## Your objective
Your answer should be the lines below from the one with "私・野沢のプロフィールは、年" to the one with "Daarnaast beschikt de", both included, given again exactly and with nothing added.

## Records
= Beginning of Section =

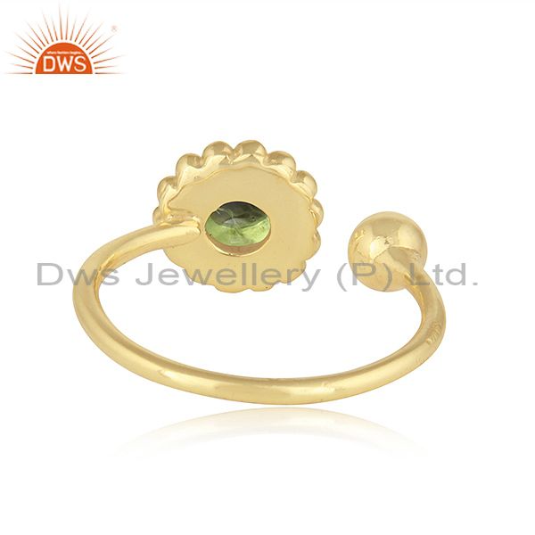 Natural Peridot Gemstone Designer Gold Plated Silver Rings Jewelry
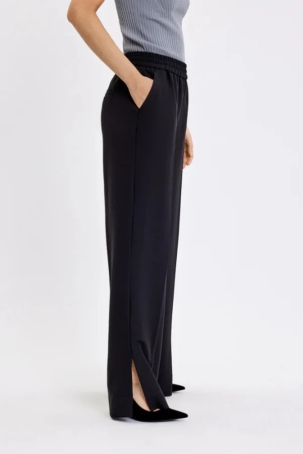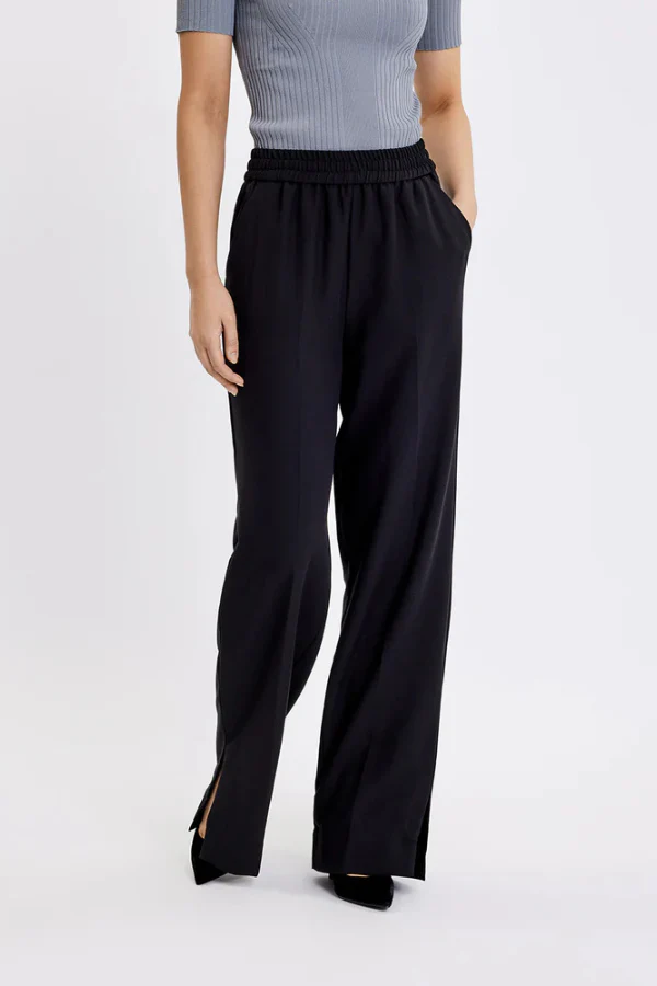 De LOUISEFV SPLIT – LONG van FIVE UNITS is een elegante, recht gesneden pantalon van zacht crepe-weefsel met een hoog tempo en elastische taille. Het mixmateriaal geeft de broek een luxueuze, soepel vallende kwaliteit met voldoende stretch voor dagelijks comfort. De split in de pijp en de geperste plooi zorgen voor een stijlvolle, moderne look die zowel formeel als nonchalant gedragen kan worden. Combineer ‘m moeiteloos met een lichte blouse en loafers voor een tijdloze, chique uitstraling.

= End of Section =
= Beginning of Section =

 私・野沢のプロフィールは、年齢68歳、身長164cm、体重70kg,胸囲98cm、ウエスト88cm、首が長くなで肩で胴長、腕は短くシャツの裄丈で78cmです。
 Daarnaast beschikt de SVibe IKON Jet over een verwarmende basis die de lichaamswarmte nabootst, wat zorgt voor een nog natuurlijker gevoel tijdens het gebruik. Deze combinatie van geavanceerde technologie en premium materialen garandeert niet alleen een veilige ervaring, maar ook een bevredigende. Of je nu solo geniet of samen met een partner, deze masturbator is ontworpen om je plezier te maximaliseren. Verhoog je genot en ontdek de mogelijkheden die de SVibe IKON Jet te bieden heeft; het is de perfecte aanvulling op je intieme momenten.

= End of Section =
= Beginning of Section =

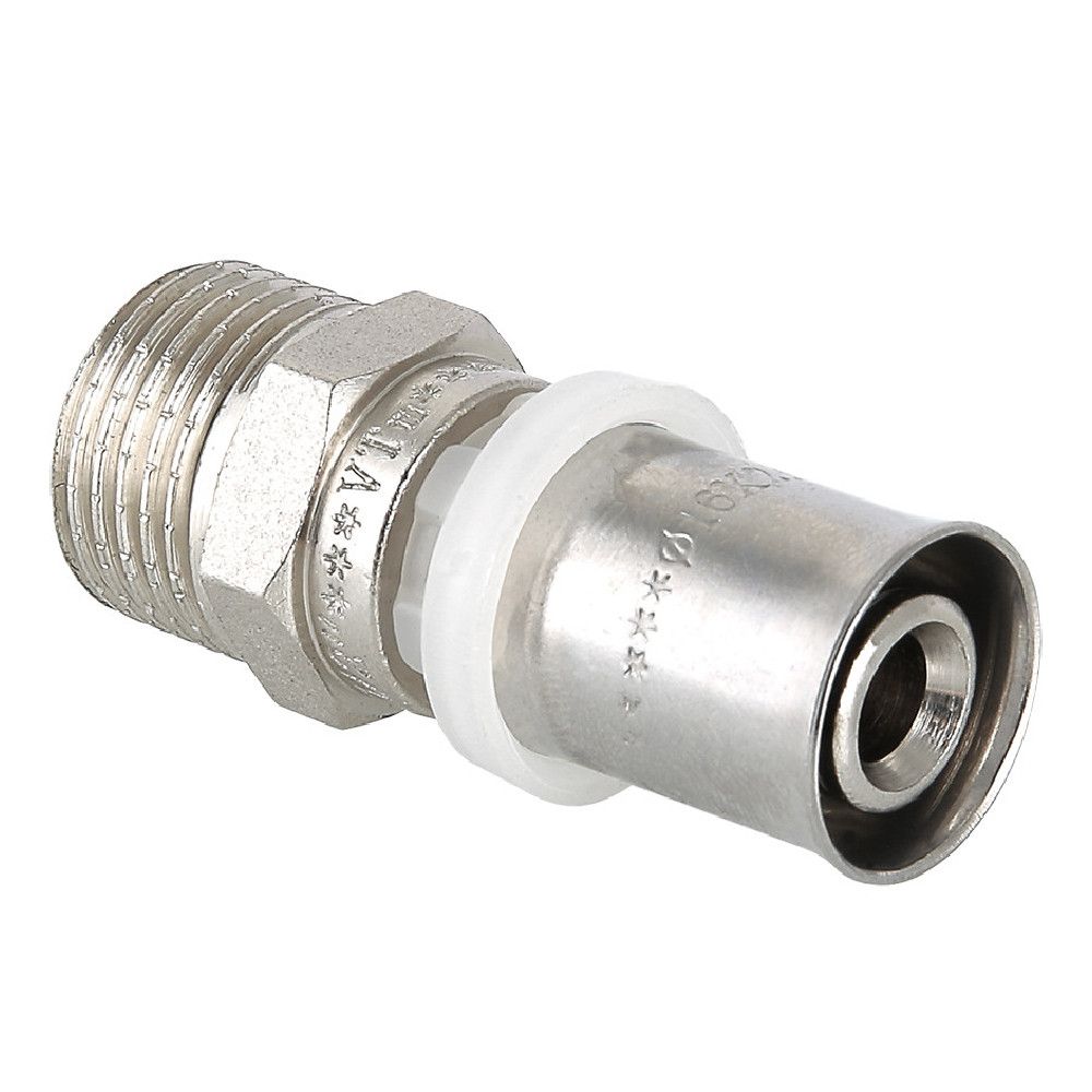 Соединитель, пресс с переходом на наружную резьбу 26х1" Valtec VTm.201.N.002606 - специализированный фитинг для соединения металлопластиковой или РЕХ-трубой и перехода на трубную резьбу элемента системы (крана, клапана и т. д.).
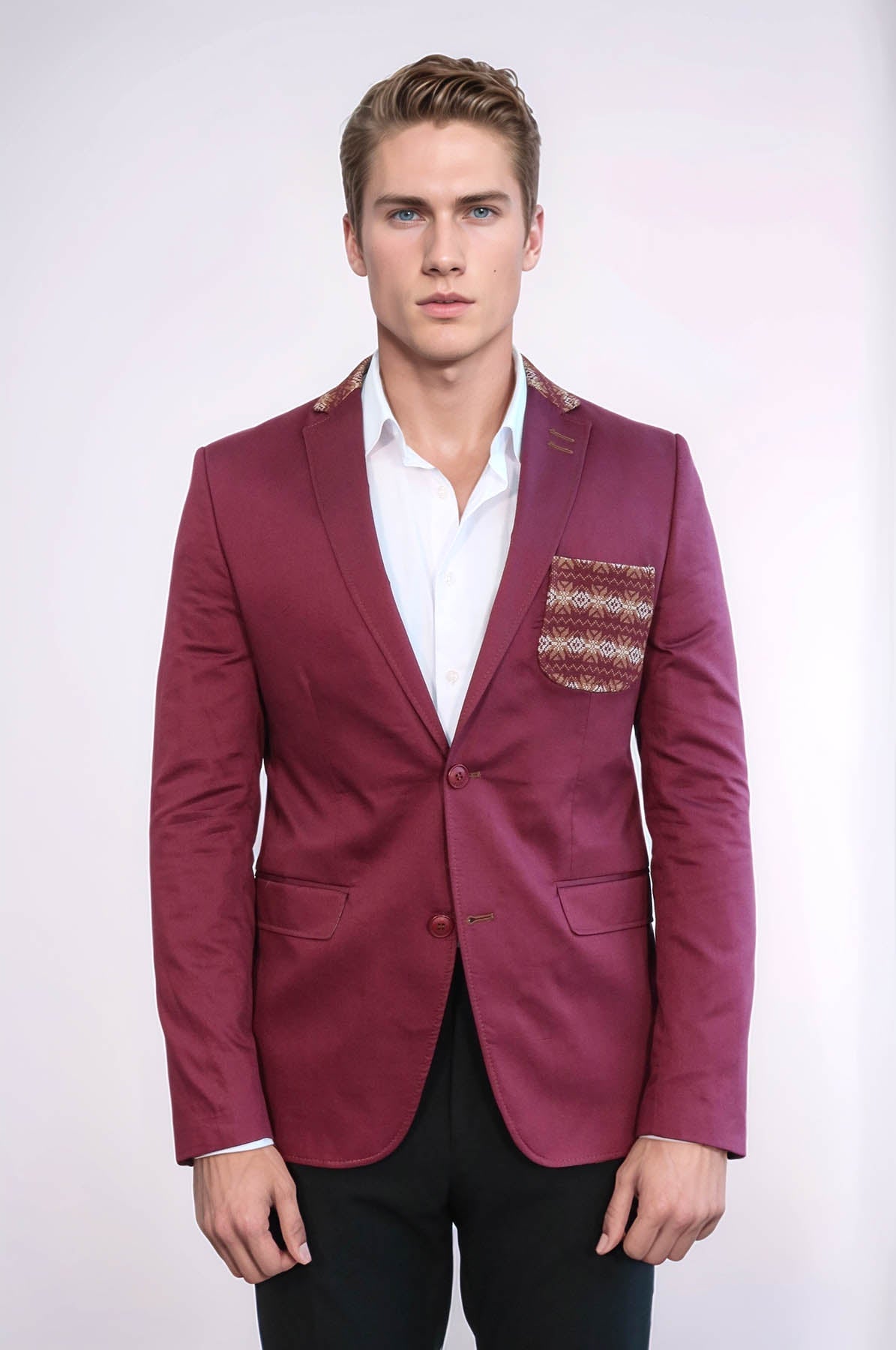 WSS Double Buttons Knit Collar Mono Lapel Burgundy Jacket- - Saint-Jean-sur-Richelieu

= End of Section =

## Solution for this exercise
 私・野沢のプロフィールは、年齢68歳、身長164cm、体重70kg,胸囲98cm、ウエスト88cm、首が長くなで肩で胴長、腕は短くシャツの裄丈で78cmです。
 Daarnaast beschikt de SVibe IKON Jet over een verwarmende basis die de lichaamswarmte nabootst, wat zorgt voor een nog natuurlijker gevoel tijdens het gebruik. Deze combinatie van geavanceerde technologie en premium materialen garandeert niet alleen een veilige ervaring, maar ook een bevredigende. Of je nu solo geniet of samen met een partner, deze masturbator is ontworpen om je plezier te maximaliseren. Verhoog je genot en ontdek de mogelijkheden die de SVibe IKON Jet te bieden heeft; het is de perfecte aanvulling op je intieme momenten.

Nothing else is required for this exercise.